The Treasure of Abbot Thomas

Dir. Lawrence Gordon Clark

Part of the BBC’s annual series A Ghost Story for Christmas, which ran from 1971 to 1978 and featured some of the small screen’s most chilling moments, The Treasure of Abbot Thomas tells of a scholarly Reverend and his young protégé’s search for hidden treasure said to have been buried within a monastery by a disgraced abbot. Much to their detriment the duo ignore ominous warnings of an otherworldly guardian protecting the treasure…

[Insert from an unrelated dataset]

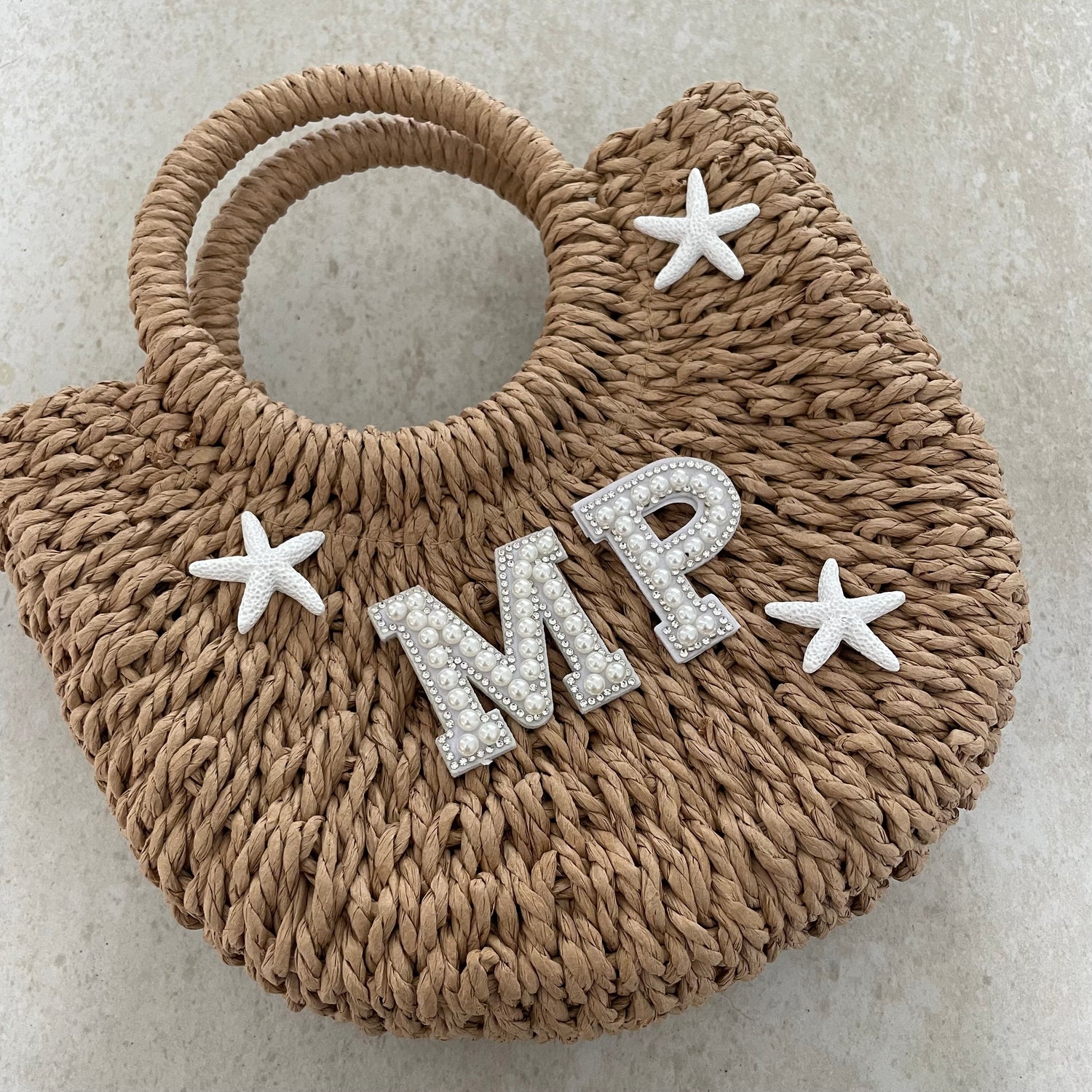 Personalised ADA White Starfish Straw Basket Bag

The Treasure of Abbot Thomas is a rather typical James story in that it unfurls as a cautionary tale involving the unearthing of a mysterious - reputedly fabled - buried object, only for the excavator to fall foul of the supernatural entity protecting said object. In adapting James’s short story for television, screenwriter John Bowen (Robin Redbreast, The Ice House) introduces the character of young scholar Peter Dattering (Paul Lavers), who accompanies Reverend Somerton (Michael Bryant, The Stone Tape) during his investigations, and a scene depicting Somerton debunking a cosy teatime séance and exposing the mediums as frauds. These additions essentially highlight his scepticism and coldly rational mind (he’s a typical Jamesian protagonist), which makes his later descent into paranoia much more effective. For budgetary reasons the action was relocated to England (James’s original short story took place in Germany) and Clark’s use of the striking Wells Cathedral in Somerset ensures the drama has a fittingly Gothic locale in which to unravel. Some wry humour is evident in the moments when Somerton’s greed almost gets the better of him and he checks himself by insisting to Dattering that his interest in uncovering the treasure is 'purely academic.'

The narrative unfolds as a mystery, with our intrepid sleuths donning their detective caps and attempting to solve various cryptic clues left by the disgraced abbot as to the whereabouts of his treasure. It is revealed that Abbot Thomas had been condemned as a charlatan for dabbling in alchemy. The clues he left are located in a giant stained glass window, ancient Latin texts and various furnishings of the monastery. The elements of horror really only come into play towards the climax, though a few ominous signposts are scattered throughout, such as the spooky encounter with what appears to be a murder of crows on the roof of the monastery and a piece of text which, when translated, reveals something about ‘a guardian’ at the hiding place of the treasure.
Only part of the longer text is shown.